CanNotDelete lock prevents deletion of the resource but allows all other operations, including modifications. ReadOnly lock prevents any write operations (including deletion and modifications) but allows read operations. Choose CanNotDelete when you want to protect against accidental deletion but still allow updates. Choose ReadOnly when you need the resource to be immutable, such as for compliance or security logging.

Can a user with Owner role bypass a resource lock?

No, a user with Owner role cannot bypass a lock. The lock blocks the operation regardless of the user's role. The only way to perform the blocked operation is to first remove the lock, which requires `Microsoft.Authorization/locks/write` permission (which Owner has). So an Owner can remove the lock and then perform the operation, but they cannot perform the operation while the lock is in place.

Do resource locks apply to data plane operations?

No, resource locks only apply to control plane operations (management operations via Azure Resource Manager). Data plane operations (e.g., reading/writing data in a storage account, querying a SQL database) are not affected. For example, a ReadOnly lock on a storage account does not prevent you from uploading blobs.

What happens if I apply a ReadOnly lock on a resource group?

All resources within that resource group inherit the ReadOnly lock. This means you cannot modify or delete any resource in the group, nor can you delete the resource group itself. You can still view the resources. This is useful for protecting an entire environment, but be careful because it also prevents updates that might be needed.

Can I apply both a CanNotDelete and a ReadOnly lock on the same resource?

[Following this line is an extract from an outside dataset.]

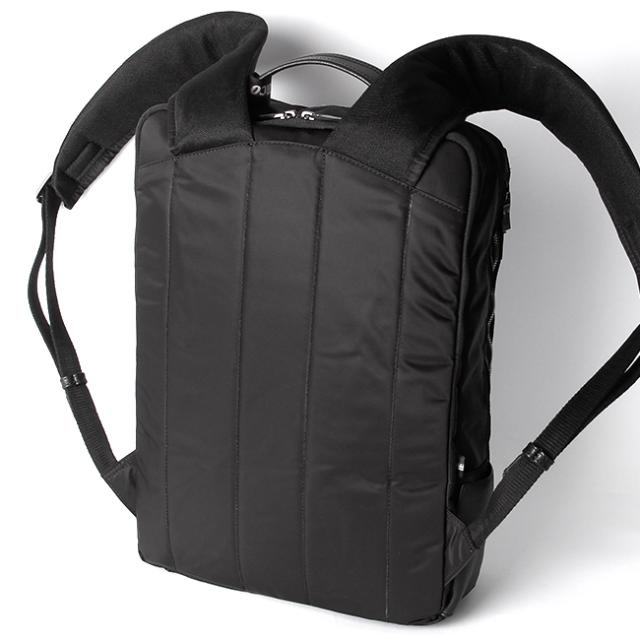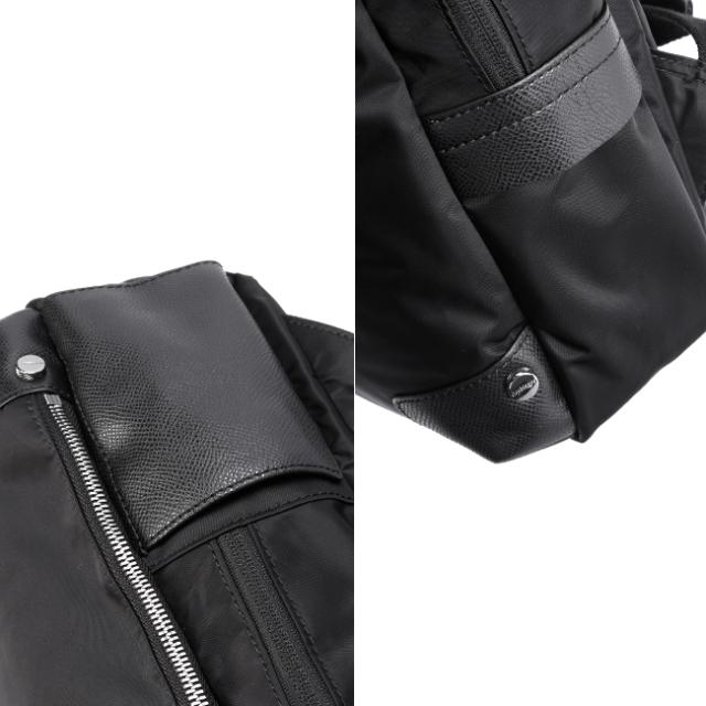 本体には環境に優しいリサイクルナイロンを採用し、耐久性とエコフレンドリーな特性を兼ね備えています。また、付属の革素材は高級感と、品質の高さを感じさせます。

No, you can only apply one lock at a time on a given scope. However, you can have locks at different scopes that combine. For example, a resource group might have a ReadOnly lock, and a specific resource within it might have a CanNotDelete lock. The effective restriction is the most restrictive combination: ReadOnly from the parent prevents modifications, so the CanNotDelete on the child is redundant but does not add more restriction.

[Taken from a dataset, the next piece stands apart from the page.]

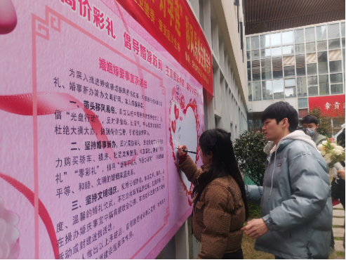 章贡区民政局婚姻登记处向每一对参加活动的新人发放移风易俗倡议书,活动现场设置了“抵制高价彩礼 倡导婚嫁新风”婚姻嫁娶事宜承诺签名墙,刚刚领到结婚证的新人在“签名墙”上“打卡”,并表示要自觉践行新时代青年风采,承诺简办婚礼,引领婚恋新风尚。
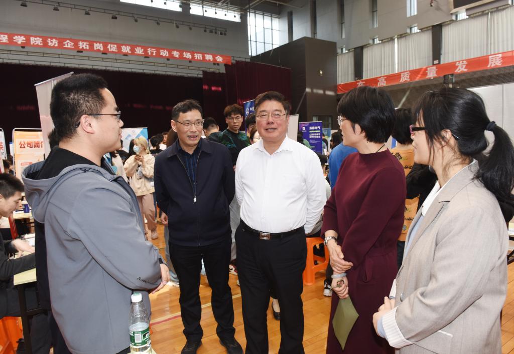 为深入贯彻党的二十大关于“实施就业优先战略”的决策部署,落实教育部进一步深入开展访企拓岗促就业行动要求,4月12日下午,beat365在天健苑·体育中心举办“访企拓岗促就业行动”专场招聘会,校党委书记史国君、党委常委、副院长张仰飞来到活动现场与用人单位、求职毕业生进行深入交流。学生工作处负责同志、二级学院(中心)党政负责人、分管学生工作负责人、专业教师代表参加活动。

How do I remove a resource lock?

To remove a lock, you need `Microsoft.Authorization/locks/write` permission. You can remove it via Azure Portal (under Locks blade), Azure CLI (`az lock delete`), PowerShell (`Remove-AzResourceLock`), or REST API. After removal, the resource is no longer protected by that lock.

Are resource locks free?

Yes, resource locks are a free feature in Azure. There is no additional cost for applying locks. However, they are a management feature and do not incur charges.